Tom Chatfield’s short essay, “The attention economy,” raises an interesting question: why do we think of attention as a resource?

For all the sophistication of a world in which most of our waking hours are spent consuming or interacting with media, we have scarcely advanced in our understanding of what attention means. What are we actually talking about when we base both business and mental models on a ‘resource’ that, to all intents and purposes, is fabricated from scratch every time a new way of measuring it comes along?

For the ancients, Chatfield notes, attention wasn’t a resource; it was a relationship.
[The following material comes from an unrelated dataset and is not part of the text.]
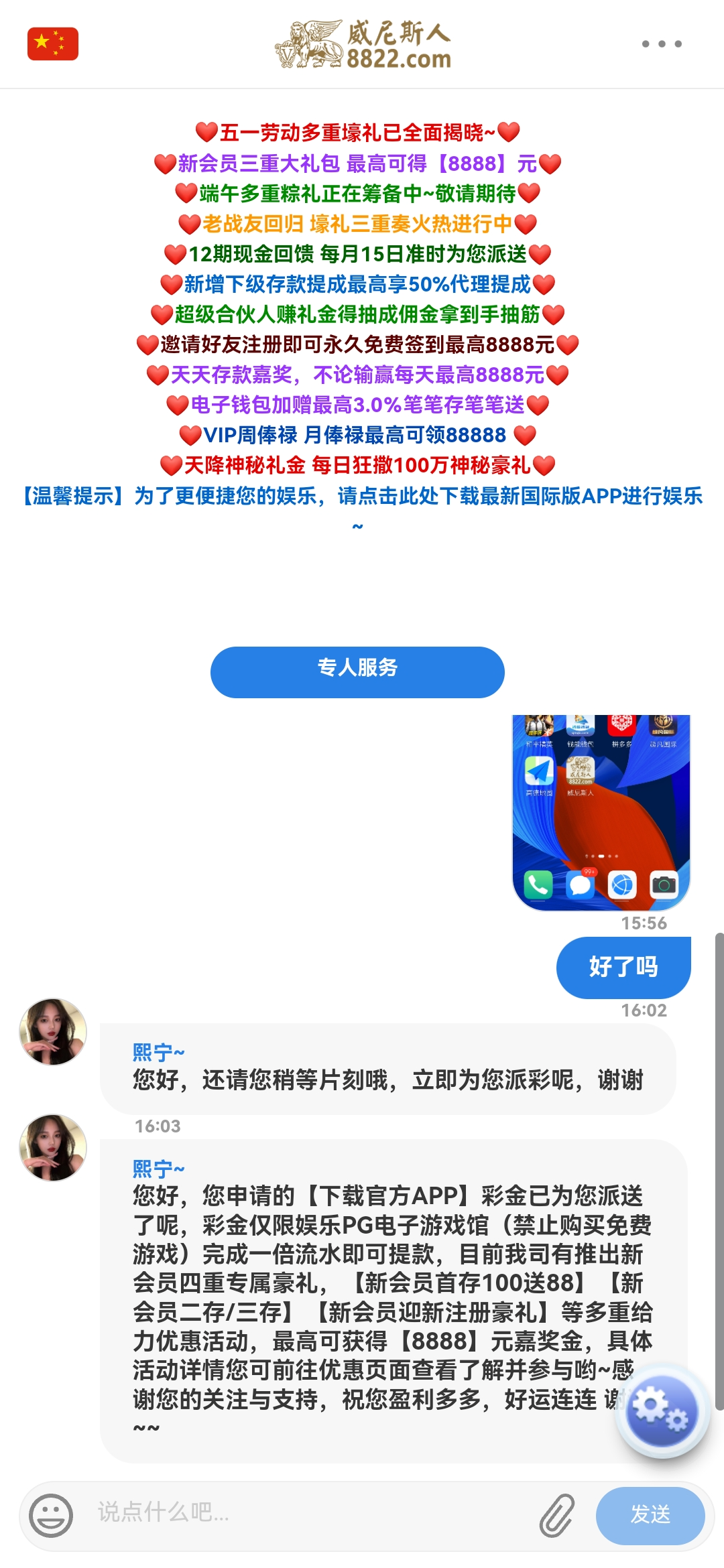 说什么5月8号之前注册的才送

For the ancient Greeks and Romans, this wooing [i.e., getting other’s attention] was a sufficiently fine art in itself to be the central focus of education. As the manual on classical rhetoric Rhetorica ad Herennium put it 2,100 years ago: ‘We wish to have our hearer receptive, well-disposed, and attentive (docilem, benivolum, attentum).’ To be civilised was to speak persuasively about the things that mattered: law and custom, loyalty and justice.
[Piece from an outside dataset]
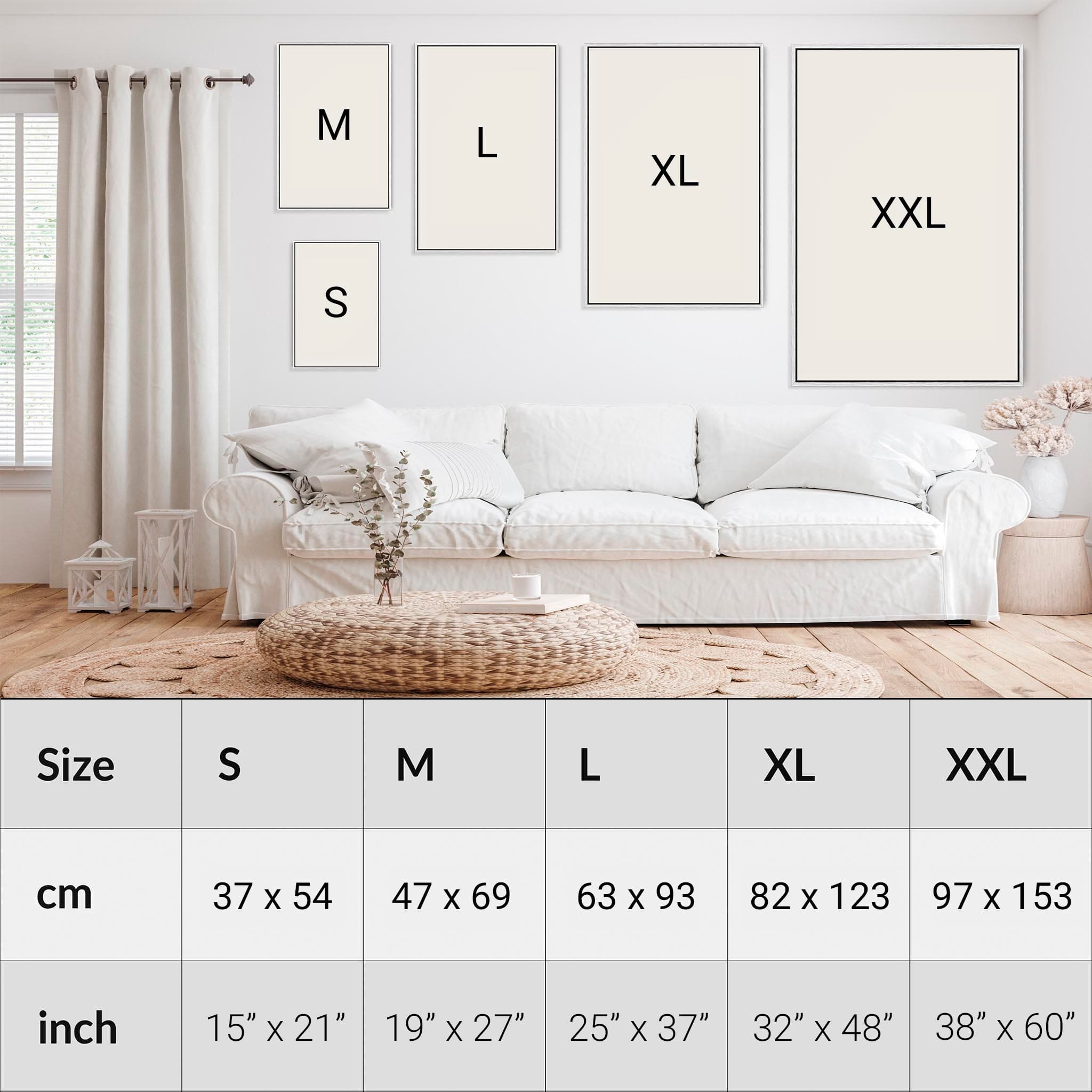 - XXL: 97cm x 153cm

In this understanding, there is no such thing as “attention” as something that exists outside a relationship. It’s not like energy, or a pint of blood: it only exists between the person giving their attention, and the person trying to hold it. Indeed, Chatfield points out,

In Latin, the verb attendere — from which our word ‘attention’ derives — literally means to stretch towards. A compound of ad (‘towards’) and tendere (‘to stretch’), it invokes an archetypal image: one person bending towards another in order to attend to them, both physically and mentally.

I think there’s still some value in the attention-as-resource model, if only because we can demonstrate that humans have only a certain amount of attention they can “pay” in a day; in that respect, it’s like self-discipline or decision-making. But the notion that it can be treated as essentially interchangeable with coal or wind, does bear some rethinking.